━━ Records shown ━━

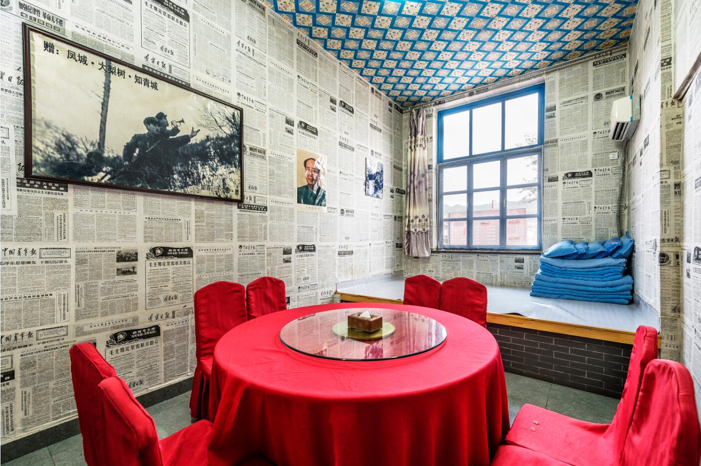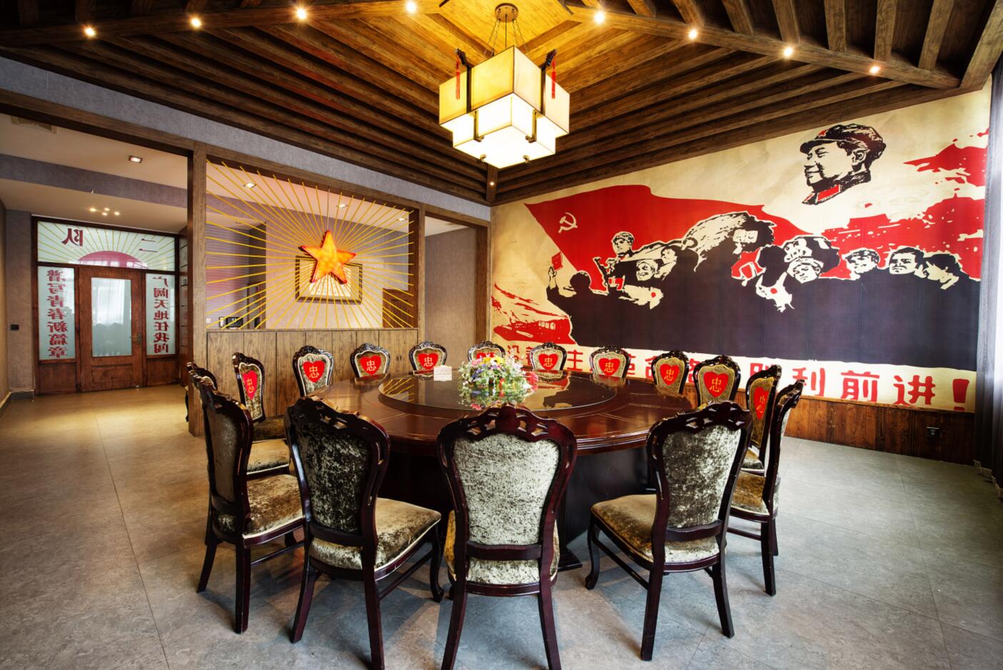 親愛的游客朋友,這里就是青年點主題飯店,以再現(xiàn)知青文化為主題。舊報紙糊的墻,知青下鄉(xiāng)時的黑白照片,毛主席像章、票證,以及用學(xué)軍、衛(wèi)東等關(guān)鍵詞命名的各個包間,會讓您重溫當(dāng)年的知青歲月。另外,周末中午知青藝術(shù)團奉獻的忠字舞、槍桿詩等精彩文藝節(jié)目,備受廣大游客喜愛。
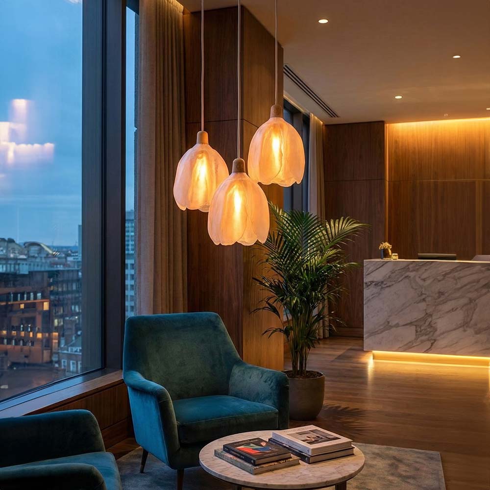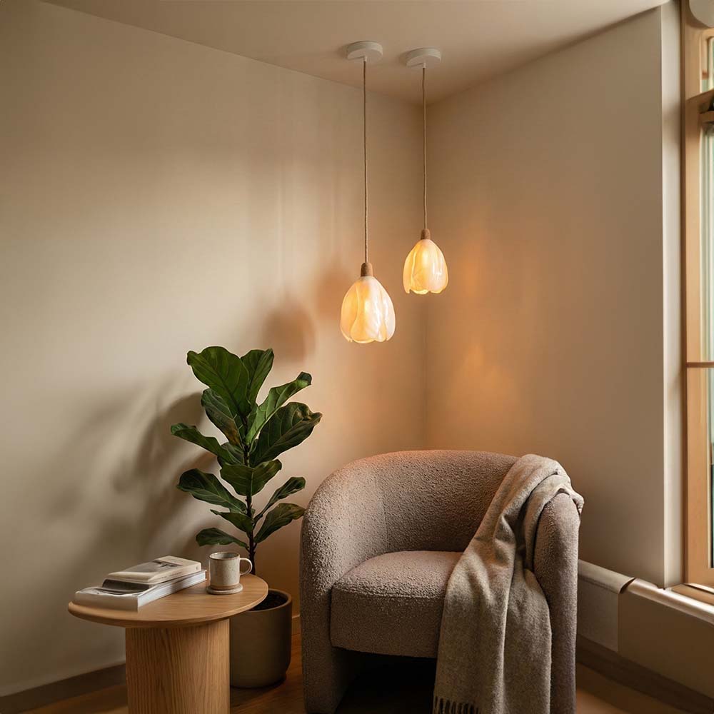De combinatie van witte doorschijnende bloemblaadjes en een houten fitting staat voor de B-natural collectie; verfijnd en gracieus, met natuurlijke flamboyantie.
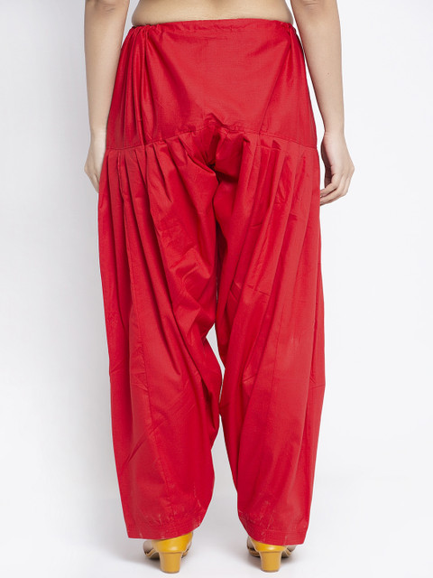 Pack of 2 solid regular-fit mid-rise salwars in navy blue and red, each has a pleated front and an elasticated waistband with drawstring closure
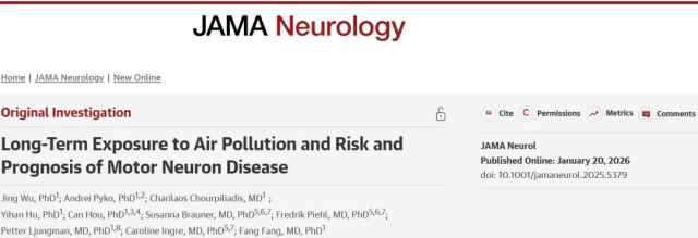 原文出处:Wu J, Pyko A, Chourpiliadis C, Hu Y, Hou C, Brauner S, Piehl F, Ljungman P, Ingre C, Fang F. Long-Term Exposure to Air Pollution and Risk and Prognosis of Motor Neuron Disease. JAMA Neurol. 2026 Jan 20:e255379. doi: 10.1001/jamaneurol.2025.5379. Epub ahead of print. PMID: 41557441; PMCID: PMC12820776.
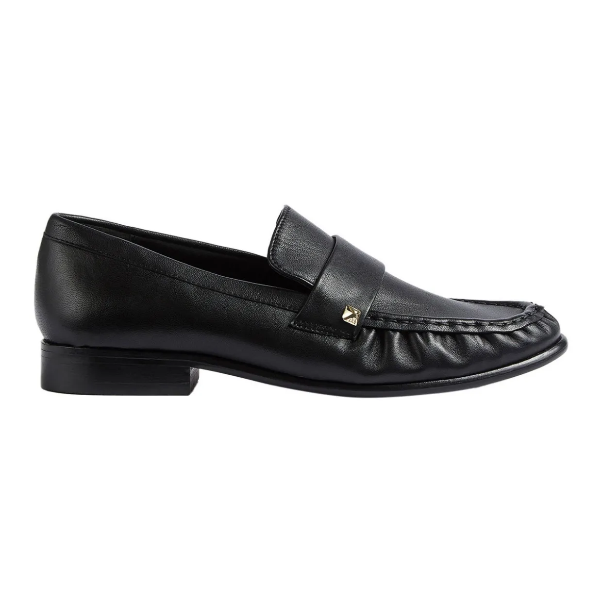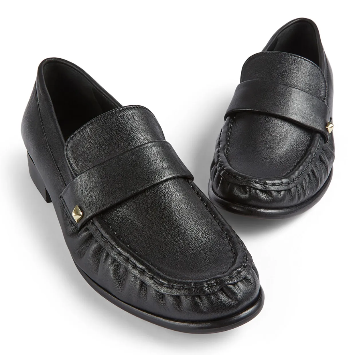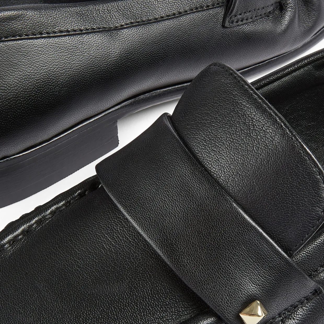 - Round toe, slip-on style, flat sole, tonal stitching, smooth leather finish

━━━

Instructions for the task: Omit the images and transcribe all of the records above word for word.

Exercise solution:
 親愛的游客朋友,這里就是青年點主題飯店,以再現(xiàn)知青文化為主題。舊報紙糊的墻,知青下鄉(xiāng)時的黑白照片,毛主席像章、票證,以及用學(xué)軍、衛(wèi)東等關(guān)鍵詞命名的各個包間,會讓您重溫當(dāng)年的知青歲月。另外,周末中午知青藝術(shù)團奉獻的忠字舞、槍桿詩等精彩文藝節(jié)目,備受廣大游客喜愛。
De combinatie van witte doorschijnende bloemblaadjes en een houten fitting staat voor de B-natural collectie; verfijnd en gracieus, met natuurlijke flamboyantie.
 Pack of 2 solid regular-fit mid-rise salwars in navy blue and red, each has a pleated front and an elasticated waistband with drawstring closure
 原文出处:Wu J, Pyko A, Chourpiliadis C, Hu Y, Hou C, Brauner S, Piehl F, Ljungman P, Ingre C, Fang F. Long-Term Exposure to Air Pollution and Risk and Prognosis of Motor Neuron Disease. JAMA Neurol. 2026 Jan 20:e255379. doi: 10.1001/jamaneurol.2025.5379. Epub ahead of print. PMID: 41557441; PMCID: PMC12820776.
 - Round toe, slip-on style, flat sole, tonal stitching, smooth leather finish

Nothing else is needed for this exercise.